То была действительно г-жа Дамбревиль. Отец остался поболтать с дочерьми в столовой, а мать направилась в гостиную. Прежде чем открыть дверь, она остановилась, с беспокойством оглядела свое старое платье из зеленого шелка, попыталась застегнуть его, очистила подол от приставших к нему с пола ниток и засунула в лиф выпиравшую из него грудь.
— Извините меня, дорогая госпожа Жоссеран, — улыбаясь, сказала г-жа Дамбревиль. — Я случайно проходила мимо и заглянула узнать, как вы поживаете.
Она была затянута в корсет, элегантно причесана, одета в плотно облегавшее фигуру строгое платье и держалась непринужденно, как благовоспитанная женщина, заглянувшая на минутку проведать приятельницу. Но губы ее дрожали, когда она улыбалась, за ее светскими манерами угадывалась мучительная тревога, от которой трепетало все ее существо. Сначала она заговорила о разных пустяках, избегая каких бы то ни было упоминаний о Леоне, затем все же решилась вынуть из кармана только что полученное от него письмо.

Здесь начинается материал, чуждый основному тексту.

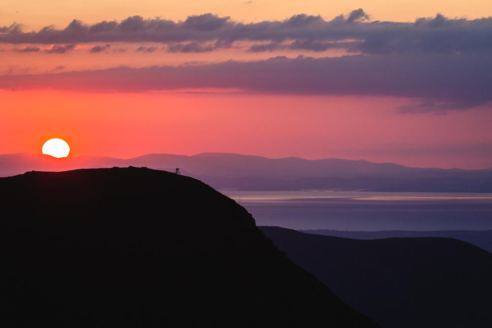 Throughout the day the sun hovers in the sky, motionless. Approach the the end of the day and it nears obstacles, such as the horizon. It fascinates me just how quick the sun or moon passes the horizon when watched closely. This shot tells a moment where I soon realised just how fast we rotate around the sun. Phone in hand, frantically trying to position the rider as the sun races to meet the peaks north across the Solway Firth.
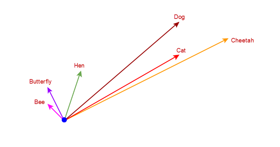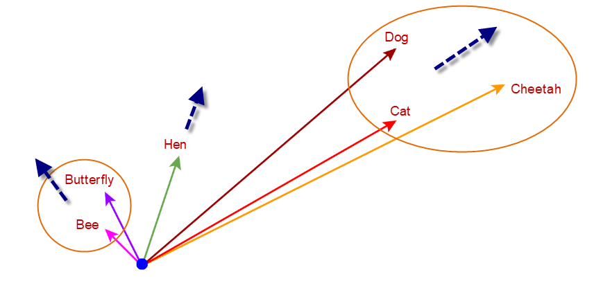 From the above image you can understand that the butterfly and bee are into similar directions, dog, cat, and cheetah are into similar directions. This happens due to the difference in the factors (represented as vector) that we took to plot these animals.

— О, это такое письмо, такое письмо… — едва выговорила она изменившимся голосом, в котором слышались слезы. — За что он так ополчился на меня, дорогая госпожа Жоссеран? Ведь он пишет, что не желает больше бывать у нас.
Она взволнованно протянула матери дрожавшее в ее пальцах письмо. Г-жа Жоссеран взяла его и хладнокровно прочла. Леон сообщал о разрыве в трех строчках, жестоких своей краткостью.

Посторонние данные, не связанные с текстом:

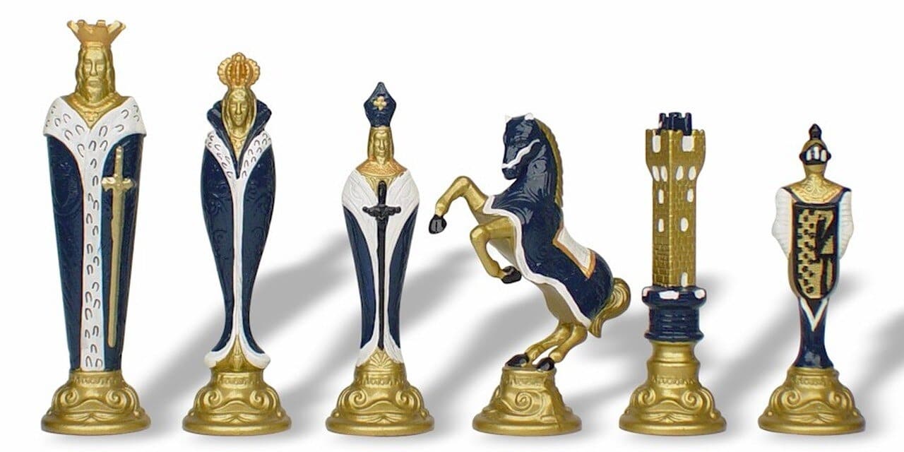 Juego de Ajedrez Renacimiento en Metal Pintado a Mano y Tablero de Ajedrez en Similcuero Dorado / Azul

— Что ж, — сказала мать, возвращая письмо г-же Дамбревиль, — может быть, Леон и прав…
Но та немедленно принялась расхваливать одну вдову, женщину всего лишь тридцати пяти лет, достойную во всех отношениях, обладательницу порядочного состояния, которая сумеет сделать мужа министром, настолько она энергична. Короче говоря, г-жа Дамбревиль сдержала слово, она нашла Леону прекрасную партию. За что же он сердится на нее? И, не дожидаясь ответа, нервно вздрогнув, она с внезапной решимостью заговорила о Раймонде, своей племяннице. Ну разве это возможно? Ведь речь идет о шестнадцатилетней девчонке, дикарке, не имеющей понятия о жизни!
— А что ж такого? — повторяла г-жа Жоссеран после каждого вопроса. — А что ж такого, раз он любит ее?
Нет! Нет! Он ее не любит, он не может ее любить! Г-жа Дамбревиль возражала, теряя самообладание.
— Поймите, — воскликнула она, — я прошу лишь одного — чтобы он был мне хоть немного благодарен… Ведь это я вывела его в люди, благодаря мне он стал членом судебного присутствия, а в свадебной корзинке будет лежать его назначение докладчиком в государственном совете… Сударыня, умоляю вас, скажите ему, чтобы он вернулся, скажите ему, чтобы он доставил мне эту радость. Я взываю к его сердцу и к вашему сердцу, сердцу матери, да, ко всему, что в вас есть благородного…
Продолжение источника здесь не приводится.